Kafka is a distributed system
Mix.install(
[
{:kino, "~> 0.7.0"},
{:kafka_ex, "~> 0.11"},
{:kino_vega_lite, "~> 0.1.4"}
],
config: [
kafka_ex: [
kafka_version: "kayrock",
brokers: [
{"localhost", 19092},
{"localhost", 29092},
{"localhost", 39092}
]
]
]
)
Section
If a topic is a single node, its performance will be limited. To improve performance, we can partition the topic log into multiple logs, each of which can live on a separate node in the Kafka cluster.
A Kafka cluster is a collection of brokers that reach consensus by communicating with each other.
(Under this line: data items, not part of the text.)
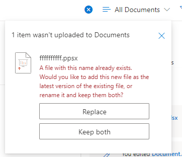 May I know if my understanding is right? If so, we have also tested it on our side, we went to SharePoint Document library and uploaded a file, then we uploaded again the same file, we encountered the error message, as shown below: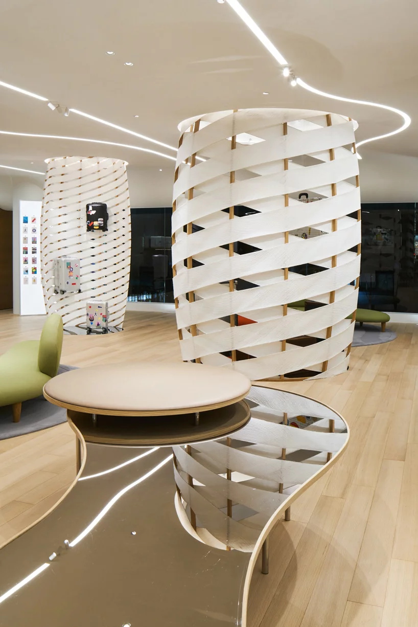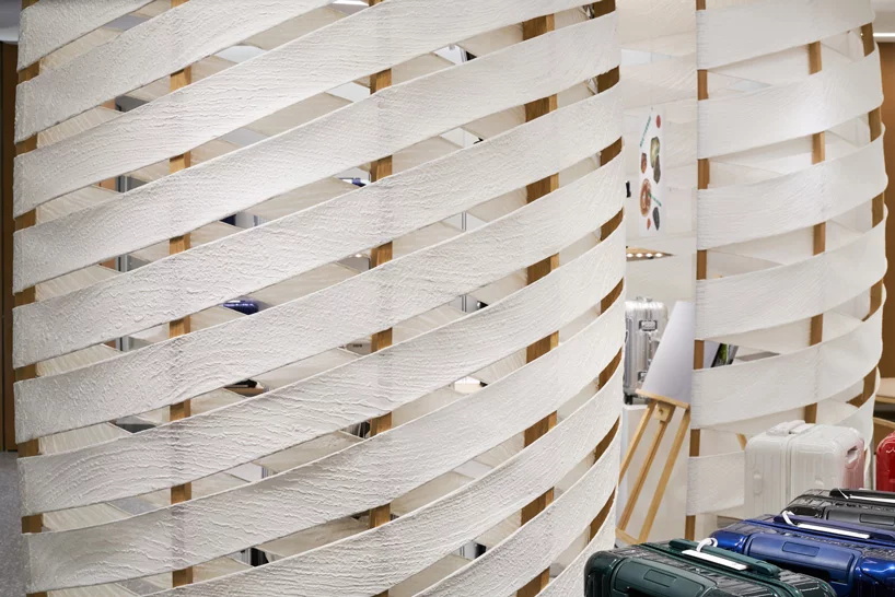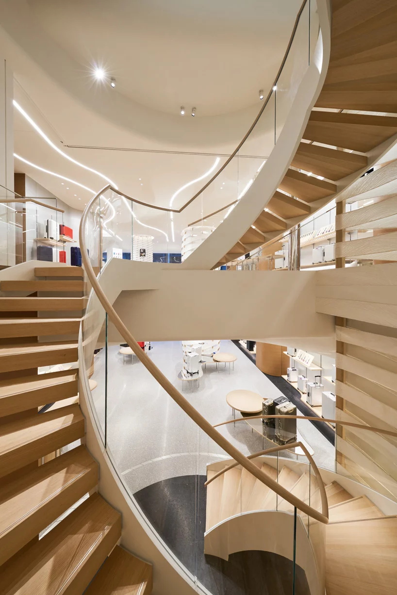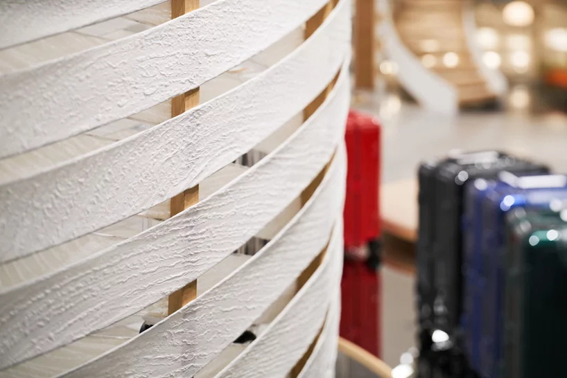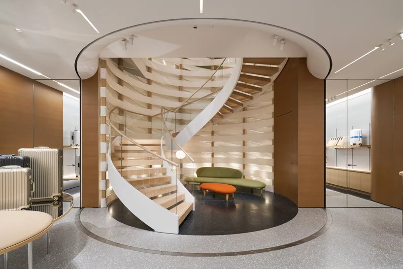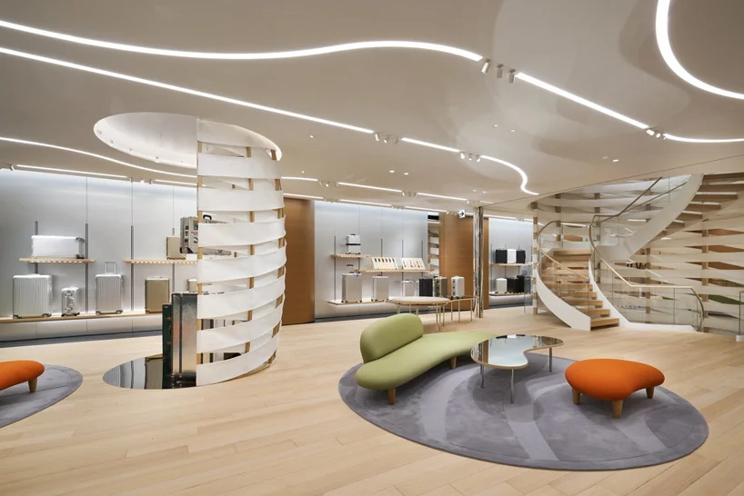 今天分享的案例是一家由vienna-based design & architecture labvert完成设计的位于东京银座的主购物街上的RIMOWA旗舰店。500平方米的零售空间将西方设计与日本文化传统融合在一个简约的空间中,呈现出德国传奇箱包制造的精髓。labvert创造了一个有着禅意风格的室内空间,借鉴了日本的岩石花园,尤其是著名的ryoan-ji禅意花园。宽敞动感的线条贯穿整个商店,编织造型线垂直连接两层楼,在空间内创造一个吸引点。一个旋转的楼梯通向上层,作为流动线条的延续,在那里,顾客可以找到客户服务中心和店内的工作间,工作间被一面巨大的玻璃墙隔开,提供了对行李箱制造工艺的全面了解。欣赏下图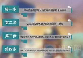 1,石巨人在第一阶段只会露出上半身和两只手,当石巨人拍击地面的时候,注意及时跳起来躲避,石巨人有三个小跟班,需要根据石巨人肚子上的颜色攻击相应的小跟班。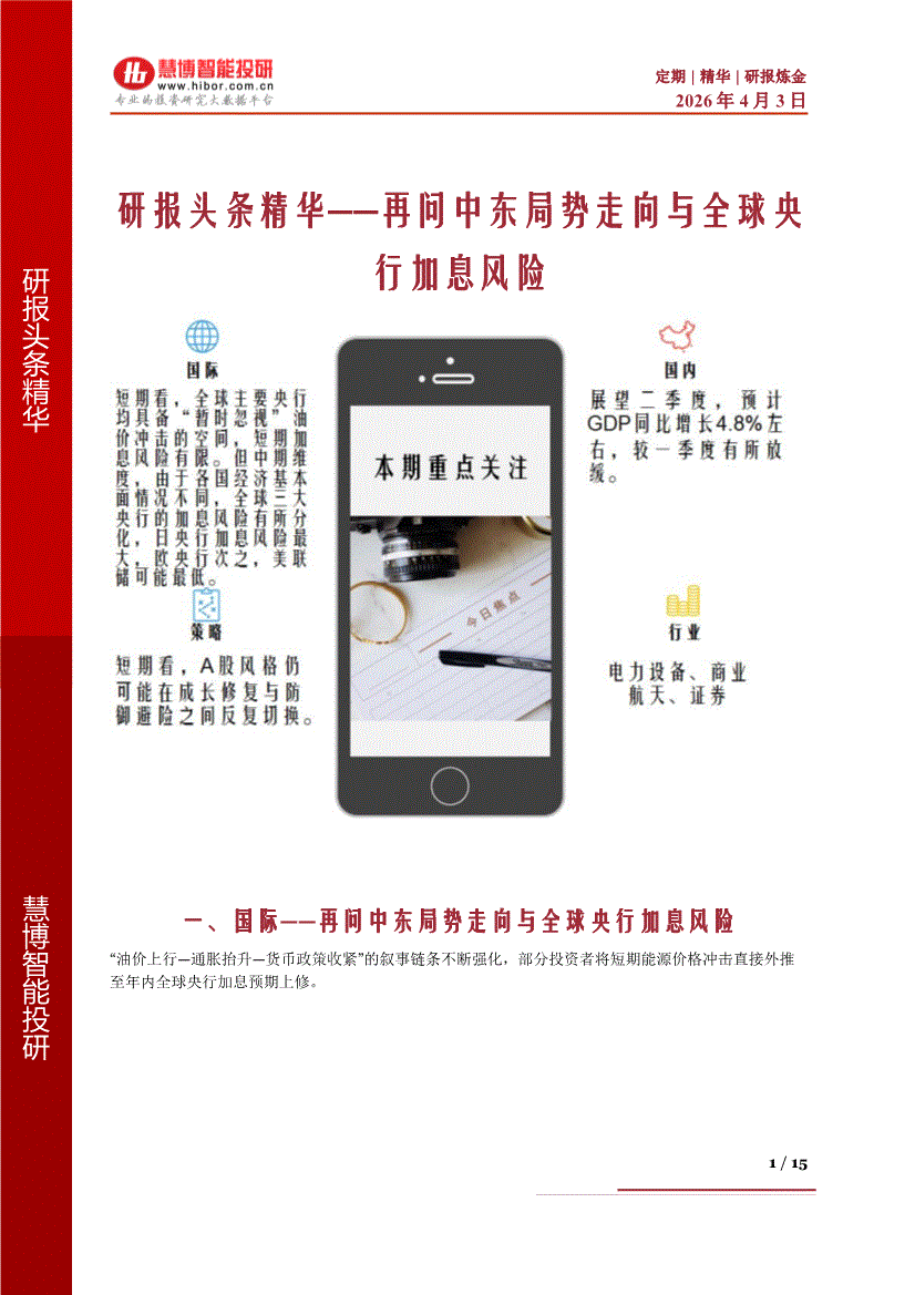 慧博智能投研-慧博研报炼金之研报头条精华:再问中东局势走向与全球央行加息风险-260403

The cluster can operate in two modes:
- using ZooKeeper for coordination
- using quorum controller (kraft) feature (KIP-500) which replace the need of zookeeper. You can learn more on the official documentation in https://cwiki.apache.org/confluence/display/KAFKA/KIP-500%3A+Replace+ZooKeeper+with+a+Self-Managed+Metadata+Quorum”
> Reads and writes in a Kafka cluster are distributed across its nodes.
In this livebook, we will focus on kraft (Kafka’s mode without ZooKeeper) because it requires fewer nodes to operate a cluster in the local env.
With kraft, nodes can have one of the following roles:
- Broker: responsible for maintaining and replicating the data for the topic-partitions it stores.
- Controller: responsible for maintaining the cluster metadata and managing the broker leadership.
- Both: a node can have both roles if it is configured as such.
KRaft Controller
In KRaft mode, specific Kafka servers are selected to be controllers A Kafka admin will typically select 3 or 5 servers for this role, depending on factors like cost and the number of concurrent failures your system should withstand without availability impact. A majority of the controllers must be alive in order to maintain availability. With 3 controllers, the cluster can tolerate 1 controller failure; with 5 controllers, the cluster can tolerate 2 controller failures.
> 📓 Kafka server’s process.role should be set to either broker or controller but not both. Combined mode can be used in development enviroment but it should be avoided in critical deployment evironments.
Topic Partitions
The messages are distributed between partitions:
alias KafkaEx.Protocol.CreateTopics.TopicRequest
alias KafkaEx.Protocol.CreateTopics.ConfigEntry
alias KafkaEx.Protocol.CreateTopics.Response, as: CreateTopicsResponse
KafkaEx.start_link_worker(:create_topic, server_impl: KafkaEx.New.Client)
KafkaEx.create_topics(
[
%TopicRequest{topic: "foo_replicated", num_partitions: 3, replication_factor: 3}
],
worker_name: :create_topic
)
defmodule MyConsumer do
use KafkaEx.GenConsumer
alias KafkaEx.Protocol.Fetch.Message
require Logger
# note - messages are delivered in batches
# consumer config:
# - fetch.min.bytes
# The minimum amount of data the server should return for a fetch request.
# If insufficient data is available the request will wait for that much data to accumulate before answering the request.
# - fetch.max.bytes
# The maximum number of bytes we will return for a fetch request.
# Must be at least 1024
# - fetch.max.wait.ms
# The maximum amount of time the server will block before answering the fetch request
# if there isn't sufficient data to immediately satisfy the requirement given by fetch.min.bytes
def handle_message_set(message_set, state) do
for %Message{value: message} <- message_set do
Logger.debug(fn -> "MyConsumer - consumed message: " <> inspect(message) end)
end
{:sync_commit, state}
end
end
# Start 3 consumer
Enum.each(1..3, fn i ->
IO.inspect("Start consumer: #{i}")
KafkaEx.ConsumerGroup.start_link(
MyConsumer,
"my_group_replicated",
["foo_replicated"],
# Many functions support an api_version parameter
# The version 3 stores offsets in Kafka instead of Zookeeper.
api_versions: %{offset_fetch: 3, offset_commit: 3}
)
end)
alias KafkaEx.Protocol.Produce.{Request, Message}
Enum.each(1..10, fn i ->
produce_request =
%Request{
topic: "foo_replicated",
messages: [%Message{key: "key#{i}", value: "value #{i}"}]
}
|> IO.inspect(label: :request)
KafkaEx.produce(produce_request)
end)